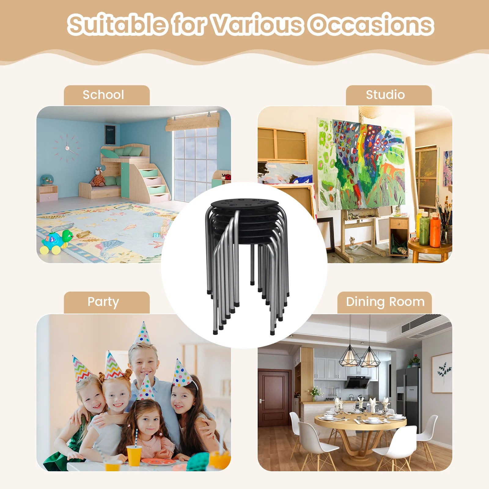 The Set of 6 Metal Stools is a versatile and durable seating solution designed to enhance any space. Made with a sturdy steel frame and durable PP seats, these stools offer excellent rust resistance, stability, and comfort. Their stackable design makes them easy to store, while the ergonomic 17.5" seat height suits most standard tables. Ideal for home, office, dorms, classrooms, or parties, these stools are both practical and stylish. Antiskid foot caps protect your floors, and no assembly is required for quick setup.
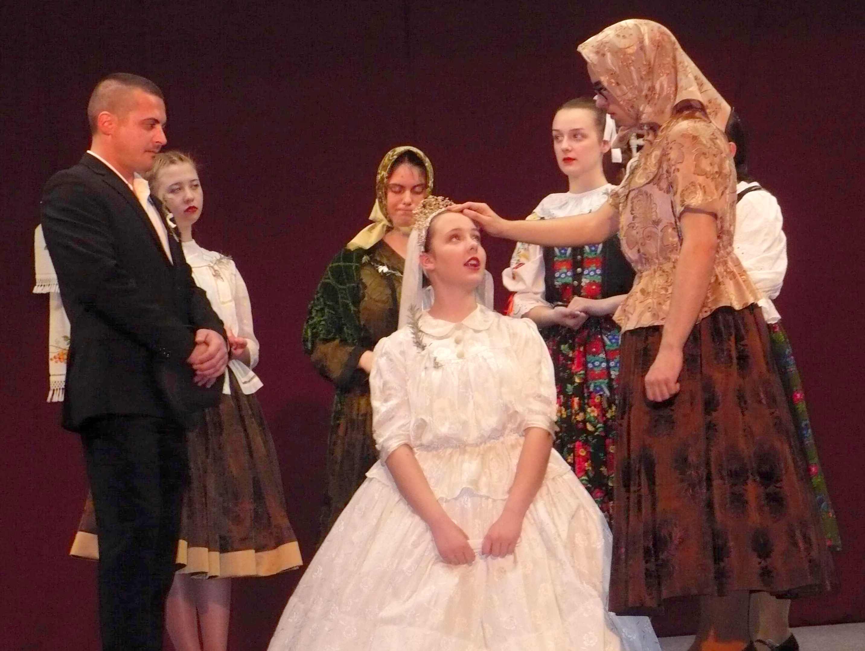Náročný program dňa pokračoval v kultúrnom dome. Dlhoročná obetavá organizátorka a režisérka Divadla Nádej profesorka PhDr. Elena Kmeťová sa znova vrátila k Jozefovi Hollému a jeho Kubovi po viacerých inscenáciách hier slovenských autorov. Veľmi vtipne aranžovaným predstavením s hercami v dobových krojoch aj s neobvyklým obsadením, keď niektoré úlohy mužov hrali dievčatá a ženských úloh sa úspešne zhostili chlapci. A veruže všetci účinkujúci hrali veľmi presvedčivo, lebo až v závere vystúpenia pri predstavovaní jednotlivých účinkujúcich diváci zistili, kto vlastne bol pod maskou ženy, či muža a odmenili ich výkony už v priebehu dvoch predstavení v Bratislave i Budmericiach niekoľkonásobným potleskom. Ocenili aj verbálny prednes textov v čistom slovenskom jazyku napriek tomu, že časť hercov pochádza zo zmiešaných rodín rumunsko-slovensko-maďarských, ktorých otec alebo matka má slovenské korene. Zlatým klincom bola scénka svadobného obradu s hudobným sprievodom dychovej hudby Nadlačanka. Aj táto návšteva mladých ľudí z Rumunska potvrdila, že slovenská reč za hranicami stále žije a medzi krajanmi existuje úprimný vzťah k Slovensku, vyjadrený v jednej z piesní spred piatich rokov v Budmericiach: „Tak, ako dnes aj včera srdce dávno vie už, ty si zem krásna moja…“
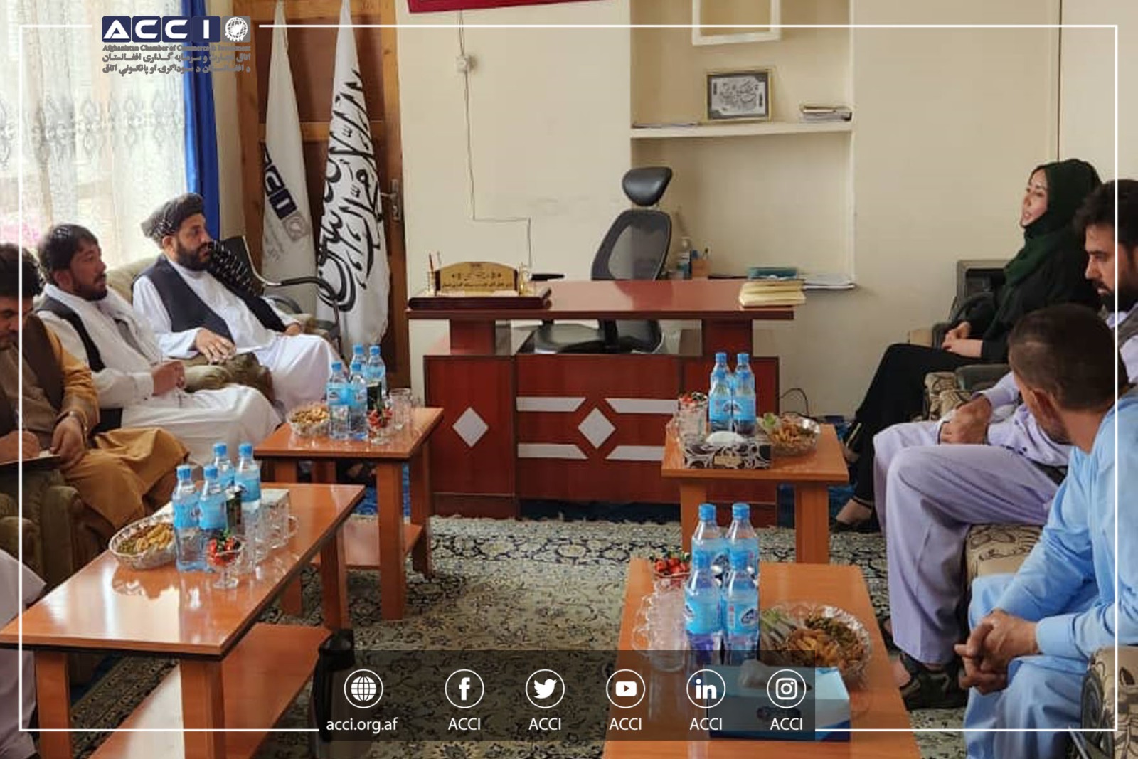 د افغانستان د سوداګرۍ او پانګونې اتاق مدیره پلاوي لومړي مرستیال ښاغلي محمد یونس مهمند بامیان ولایت ته د خپل کاري سفر په ترڅ کې، په داسی حال کې چې د اتاق عامل پلاوي د صادراتو پراختیا او اداري څانګو مسؤلینو يې ملتیا کوله، د بامیانو ولایت د سوداګرۍ او پانګونې اتاق څخه لیدنه ترسره او د سوداګرۍ او پانګونې، کرنې، مالدارۍ او توریزم برخه کې يې د شته ستونزو او ننګونو په اړه خبرې اترې وکړې.

*What you will do*:
Recreate the listing above word for word, dropping each picture it contains.

*Exercise result*:
 The Set of 6 Metal Stools is a versatile and durable seating solution designed to enhance any space. Made with a sturdy steel frame and durable PP seats, these stools offer excellent rust resistance, stability, and comfort. Their stackable design makes them easy to store, while the ergonomic 17.5" seat height suits most standard tables. Ideal for home, office, dorms, classrooms, or parties, these stools are both practical and stylish. Antiskid foot caps protect your floors, and no assembly is required for quick setup.
Náročný program dňa pokračoval v kultúrnom dome. Dlhoročná obetavá organizátorka a režisérka Divadla Nádej profesorka PhDr. Elena Kmeťová sa znova vrátila k Jozefovi Hollému a jeho Kubovi po viacerých inscenáciách hier slovenských autorov. Veľmi vtipne aranžovaným predstavením s hercami v dobových krojoch aj s neobvyklým obsadením, keď niektoré úlohy mužov hrali dievčatá a ženských úloh sa úspešne zhostili chlapci. A veruže všetci účinkujúci hrali veľmi presvedčivo, lebo až v závere vystúpenia pri predstavovaní jednotlivých účinkujúcich diváci zistili, kto vlastne bol pod maskou ženy, či muža a odmenili ich výkony už v priebehu dvoch predstavení v Bratislave i Budmericiach niekoľkonásobným potleskom. Ocenili aj verbálny prednes textov v čistom slovenskom jazyku napriek tomu, že časť hercov pochádza zo zmiešaných rodín rumunsko-slovensko-maďarských, ktorých otec alebo matka má slovenské korene. Zlatým klincom bola scénka svadobného obradu s hudobným sprievodom dychovej hudby Nadlačanka. Aj táto návšteva mladých ľudí z Rumunska potvrdila, že slovenská reč za hranicami stále žije a medzi krajanmi existuje úprimný vzťah k Slovensku, vyjadrený v jednej z piesní spred piatich rokov v Budmericiach: „Tak, ako dnes aj včera srdce dávno vie už, ty si zem krásna moja…“
 د افغانستان د سوداګرۍ او پانګونې اتاق مدیره پلاوي لومړي مرستیال ښاغلي محمد یونس مهمند بامیان ولایت ته د خپل کاري سفر په ترڅ کې، په داسی حال کې چې د اتاق عامل پلاوي د صادراتو پراختیا او اداري څانګو مسؤلینو يې ملتیا کوله، د بامیانو ولایت د سوداګرۍ او پانګونې اتاق څخه لیدنه ترسره او د سوداګرۍ او پانګونې، کرنې، مالدارۍ او توریزم برخه کې يې د شته ستونزو او ننګونو په اړه خبرې اترې وکړې.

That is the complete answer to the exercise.